(Beginning of PROVIDED INFORMATION)

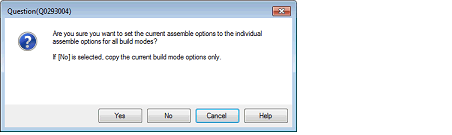 Select an assembler source file on the project tree and select the [Build Settings] tab on the Property panel. In the [Build] category, if you select [Yes] on the [Set individual assemble option] property, the Message Dialog Box is displayed.
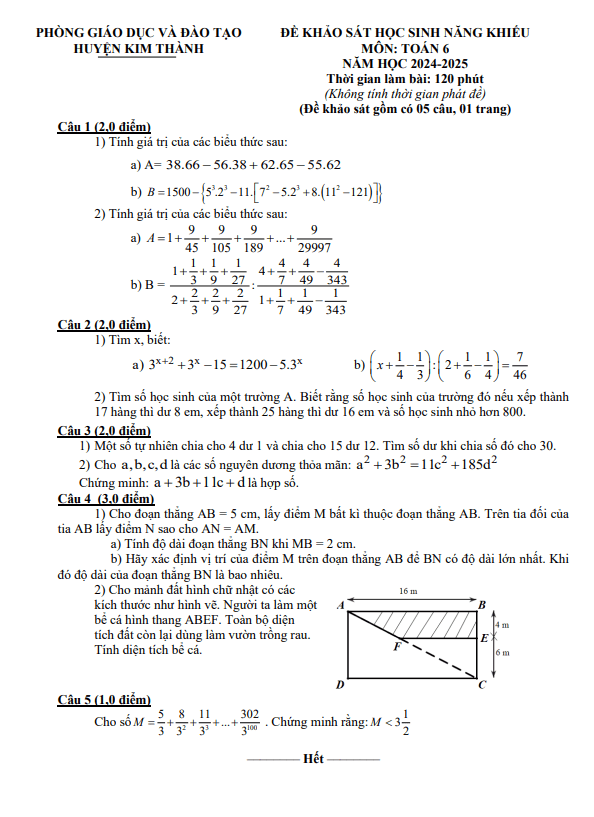 Đề học sinh giỏi toán lớp 6 Kim Thành Hải D...
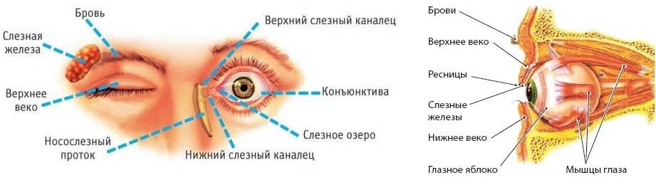 Веки — это основная структура, участвующая в акте моргания. Слезные железы постоянно выделяют жидкость, которая попадает в мешок конъюнктивы. При сокращении мышц влага попадает на поверхность глазного яблока, после чего распределяется при закрытии век и движении глаз. Излишки жидкости удаляются через носослезный проток.
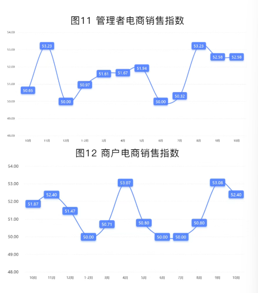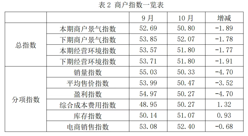 从商户景气指数来看,总指数中,10月商户景气指数为50.80,较上期下降1.89个百分点;经营环境指数为51.80,较上期下降1.77个百分点。
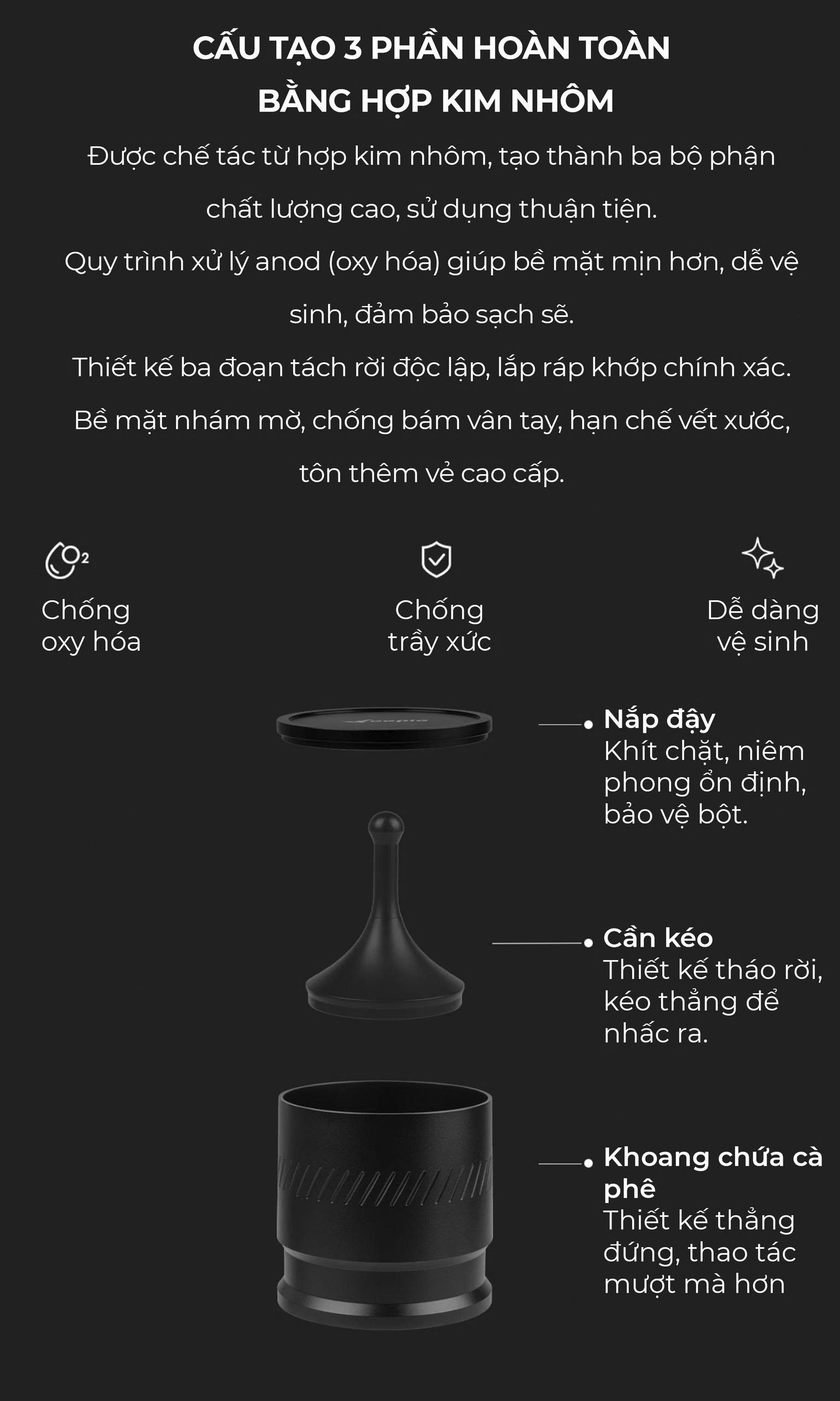 ƯU ĐIỂM NỔI BẬT: Phù hợp mọi máy pha 58mm Thiết kế chống bám bột – vệ sinh siêu nhanh Chất liệu cao cấp – chắc chắn – bền đẹp Chuẩn SCA – đạt tiêu chuẩn quán cà phê chuyên nghiệp
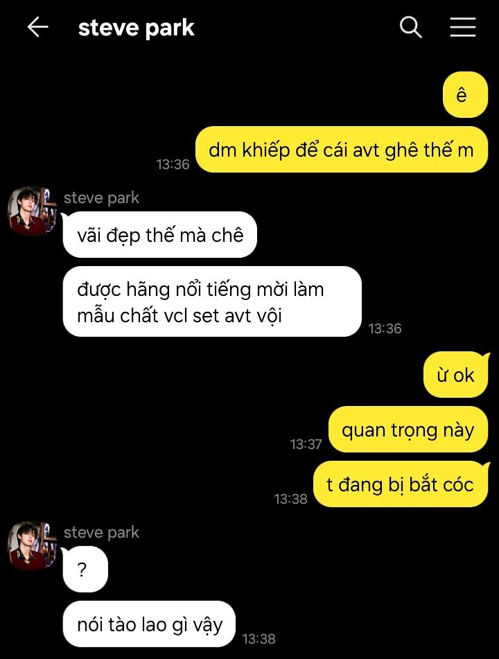 - bố mày có làm bot như mày không? thêm cái cờ đỏ gắn vào mày nữa, ôi thề, mày là đứa điên nhất tao chơi cùng đấy.

(End of PROVIDED INFORMATION)

ASSIGNED TASK: Return every line of the records exactly as given, pictures excluded.

WRITTEN RESPONSE:
 Select an assembler source file on the project tree and select the [Build Settings] tab on the Property panel. In the [Build] category, if you select [Yes] on the [Set individual assemble option] property, the Message Dialog Box is displayed.
 Đề học sinh giỏi toán lớp 6 Kim Thành Hải D...
 Веки — это основная структура, участвующая в акте моргания. Слезные железы постоянно выделяют жидкость, которая попадает в мешок конъюнктивы. При сокращении мышц влага попадает на поверхность глазного яблока, после чего распределяется при закрытии век и движении глаз. Излишки жидкости удаляются через носослезный проток.
 从商户景气指数来看,总指数中,10月商户景气指数为50.80,较上期下降1.89个百分点;经营环境指数为51.80,较上期下降1.77个百分点。
 ƯU ĐIỂM NỔI BẬT: Phù hợp mọi máy pha 58mm Thiết kế chống bám bột – vệ sinh siêu nhanh Chất liệu cao cấp – chắc chắn – bền đẹp Chuẩn SCA – đạt tiêu chuẩn quán cà phê chuyên nghiệp
 - bố mày có làm bot như mày không? thêm cái cờ đỏ gắn vào mày nữa, ôi thề, mày là đứa điên nhất tao chơi cùng đấy.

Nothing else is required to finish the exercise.